→ Data for review
BEGIN
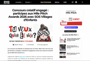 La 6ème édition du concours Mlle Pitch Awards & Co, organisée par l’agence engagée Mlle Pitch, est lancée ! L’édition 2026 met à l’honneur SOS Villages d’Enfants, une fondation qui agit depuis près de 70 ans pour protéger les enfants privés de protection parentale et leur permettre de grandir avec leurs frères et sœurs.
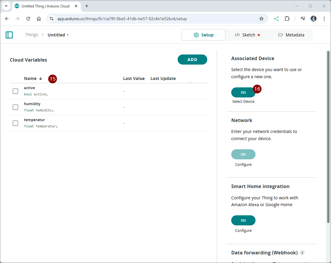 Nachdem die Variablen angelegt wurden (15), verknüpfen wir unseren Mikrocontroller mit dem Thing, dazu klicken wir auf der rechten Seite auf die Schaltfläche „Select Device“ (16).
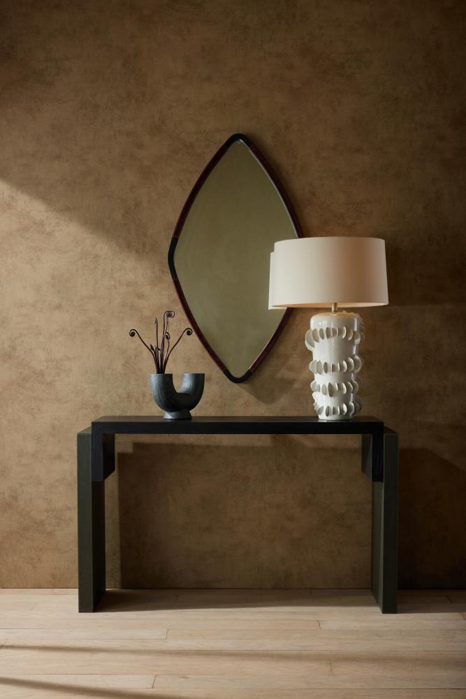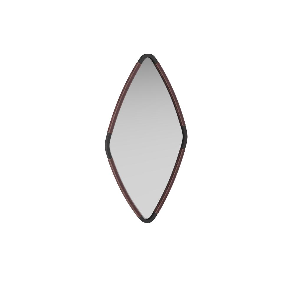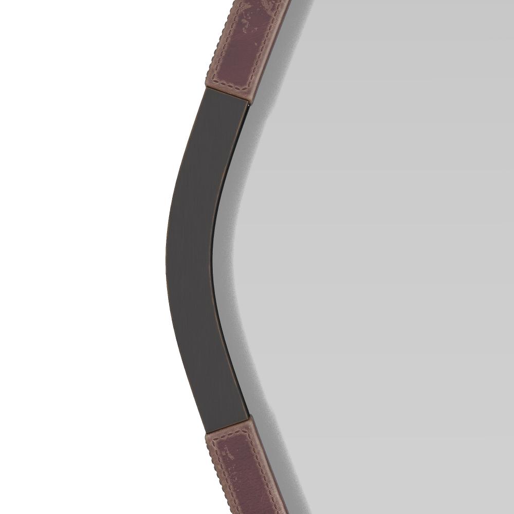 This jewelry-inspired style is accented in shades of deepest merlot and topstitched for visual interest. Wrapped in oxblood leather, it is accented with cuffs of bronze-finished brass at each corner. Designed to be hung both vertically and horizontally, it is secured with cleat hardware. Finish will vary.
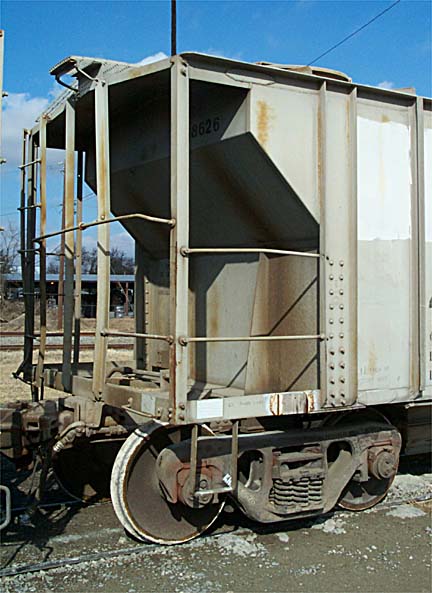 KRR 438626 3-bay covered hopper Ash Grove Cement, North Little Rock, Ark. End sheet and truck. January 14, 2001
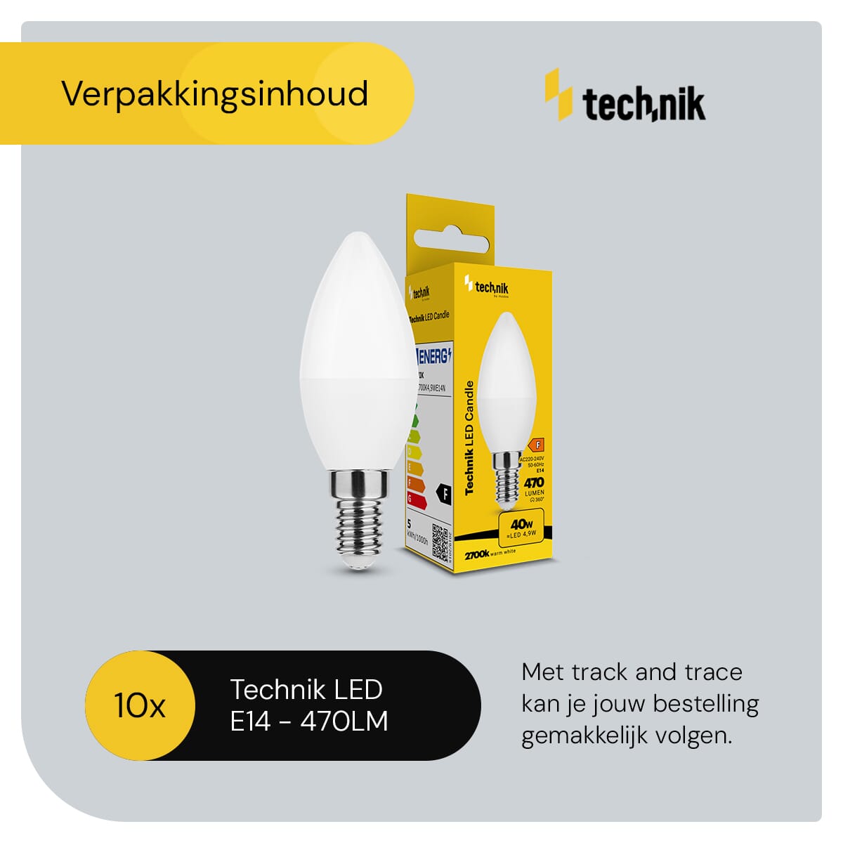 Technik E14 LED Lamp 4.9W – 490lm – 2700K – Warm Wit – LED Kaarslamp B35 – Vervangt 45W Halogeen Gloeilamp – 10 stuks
END
BEGIN
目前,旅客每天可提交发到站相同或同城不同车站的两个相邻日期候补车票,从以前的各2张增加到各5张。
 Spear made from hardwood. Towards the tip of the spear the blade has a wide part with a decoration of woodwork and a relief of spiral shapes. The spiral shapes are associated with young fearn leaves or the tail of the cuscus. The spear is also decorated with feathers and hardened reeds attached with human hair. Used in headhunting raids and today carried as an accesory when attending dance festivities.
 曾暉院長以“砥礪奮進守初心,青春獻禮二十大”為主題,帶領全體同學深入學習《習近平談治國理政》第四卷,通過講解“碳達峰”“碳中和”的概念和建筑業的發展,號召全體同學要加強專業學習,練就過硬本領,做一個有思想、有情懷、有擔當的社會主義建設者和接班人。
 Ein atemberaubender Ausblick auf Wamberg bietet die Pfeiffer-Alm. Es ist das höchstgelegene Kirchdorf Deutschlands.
END
→ Task details
Would you print exactly, and only, the lines of the data above from the line with "目前,旅客每天可提交发到站相" through the line with "Spear made from", inclusive?

→ Result of the exercise
目前,旅客每天可提交发到站相同或同城不同车站的两个相邻日期候补车票,从以前的各2张增加到各5张。
 Spear made from hardwood. Towards the tip of the spear the blade has a wide part with a decoration of woodwork and a relief of spiral shapes. The spiral shapes are associated with young fearn leaves or the tail of the cuscus. The spear is also decorated with feathers and hardened reeds attached with human hair. Used in headhunting raids and today carried as an accesory when attending dance festivities.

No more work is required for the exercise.